Closed Bug 720073 Opened 12 years ago Closed 11 years ago

Some tegras intermittently hit "program finished with exit code 80" while files are being unzipped for them

Categories

(Release Engineering :: General, defect, P3)

ARM
Android
defect

Tracking

(Not tracked)

RESOLVED WORKSFORME

People

(Reporter: philor, Unassigned)

References

Details

(Keywords: intermittent-failure, Whiteboard: [android_tier_1])

Attachments

(1 file)

Since I don't have any real mental picture of Tegras and foopies, I don't understand how this would be the case, but:

2011-01-02 - https://tbpl.mozilla.org/php/getParsedLog.php?id=8274016&tree=Firefox tegra-275 unzipping tests

2011-01-20 - https://tbpl.mozilla.org/php/getParsedLog.php?id=8712925&tree=Firefox tegra-275 unzipping tests

(There have been at least a couple more in between, but I either left them unstarred and can't find them now, or misstarred them while bulk-starring purple.)
Try, so... try, but https://tbpl.mozilla.org/php/getParsedLog.php?id=8745523&tree=Try is tegra-263 blowing up before it even got started unzipping.
https://tbpl.mozilla.org/php/getParsedLog.php?id=8747681&tree=Mozilla-Inbound - tegra-206
Summary: tegra-275 intermittently hits "program finished with exit code 80" while files are being unzipped for it → Some tegras intermittently hit "program finished with exit code 80" while files are being unzipped for them
From the unzip manpage:
              80     the user aborted unzip  prematurely  with  control-C  (or
                     similar)

So yes, wth indeed. These commands run on the foopy's, in daemonized processes so I don't see how that could be the case.
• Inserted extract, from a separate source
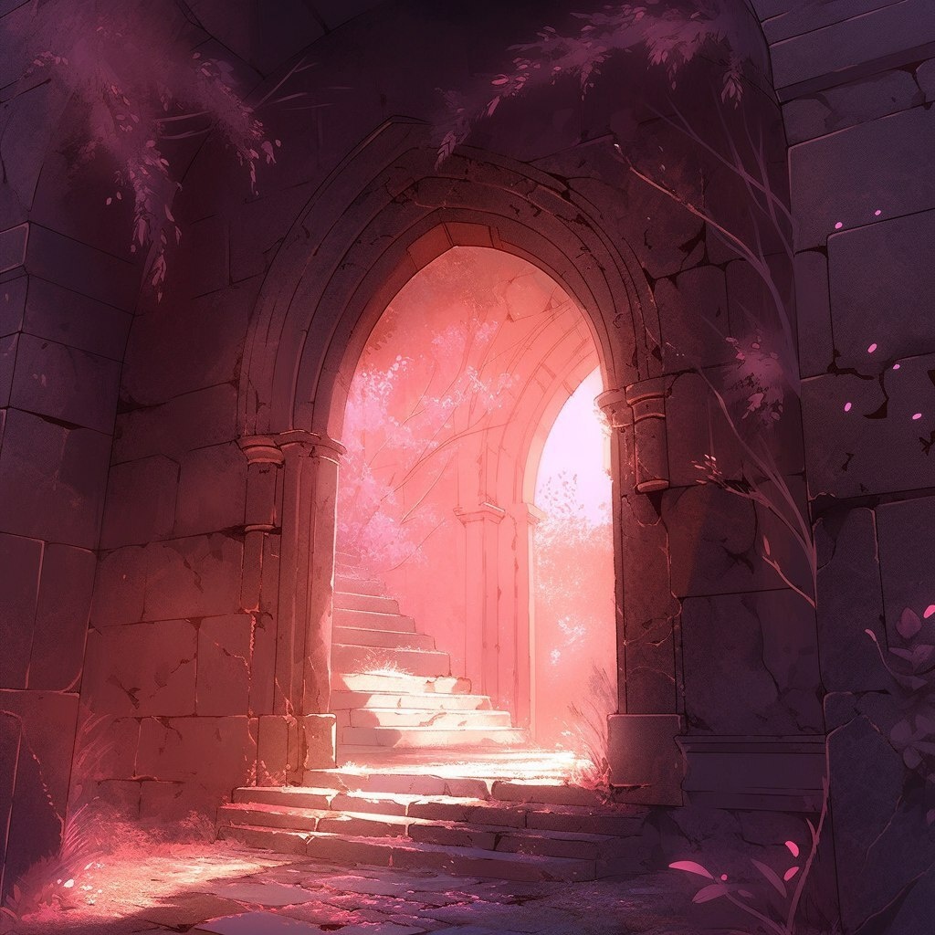 Создано на основе запроса: On a wall, an arch appears and a pinkish light emanates from it

Maybe something else is giving it a SIGINT for some reason?
Though, the fact that reboot step has the following output:
remoteFailed: [Failure instance: Traceback (failure with no frames): <class 'twisted.internet.error.ConnectionLost'>: Connection to the other side was lost in a non-clean fashion.
]
[Failure instance: Traceback (failure with no frames): <class 'twisted.internet.error.ConnectionLost'>: Connection to the other side was lost in a non-clean fashion.
]

Makes me think that the unzip error is a red herring.
Could well just be another symptom of the bug 711725 comment 14 thing I never did understand.
15:39 < bear> if the tegra rebooted and clientproxy doesn't see the proxy.flg file then it will kill buildbot and restart it when the tegra comes back
15:40 < nagios-sjc1> [21] tegra-268.build.mtv1:PING is CRITICAL: PING CRITICAL - Packet loss = 100%
15:42 < bear> bhearsum - in tegra-263's log I see "2012-01-23 00:54:21,907 WARNING MainProcess: Tegra rebooting, stopping buildslave"
15:42 < bear> so yea, the tegra died and cp stopped buildbot
15:43 < bhearsum|buildduty> ah
15:43 < bhearsum|buildduty> is there anything actionable there, or is simply something that's going to happen sometimes?
15:43 < bear> tegras do that
15:43 < bhearsum|buildduty> alright
15:44 < bear> with the caveat that if the same tegra does it a lot... then it needs some extra special lovin


Looks like it's something different. It's probably worthwhile adding this error to the RETRY list, what do you think Philor?
I just stared blankly at the explanation, but I'm fine with RETRY for anything that can possibly be retried :)
https://tbpl.mozilla.org/php/getParsedLog.php?id=8780771&tree=Mozilla-Inbound - tegra-263, so I think it at least qualifies for the extra special lovin', since it's half the instances I've seen.
I'll get us retrying this.
Assignee: nobody → bhearsum
Attachment #591875 - Flags: review?(bear) → review+
Comment on attachment 591875 [details] [diff] [review]
retry on return code 80 from unzip

Landed on the default branch.
Attachment #591875 - Flags: checked-in+
(In reply to Ben Hearsum [:bhearsum] from comment #15)
> Comment on attachment 591875 [details] [diff] [review]
> retry on return code 80 from unzip
> 
> Landed on the default branch.

I just deployed this to my master and |seamonkey-production|, then got a nice large e-mail dump of repeated errors here. Due to a paren mismatch, I took the liberty of landing the fix without review (since noone who can is awake on IRC right now).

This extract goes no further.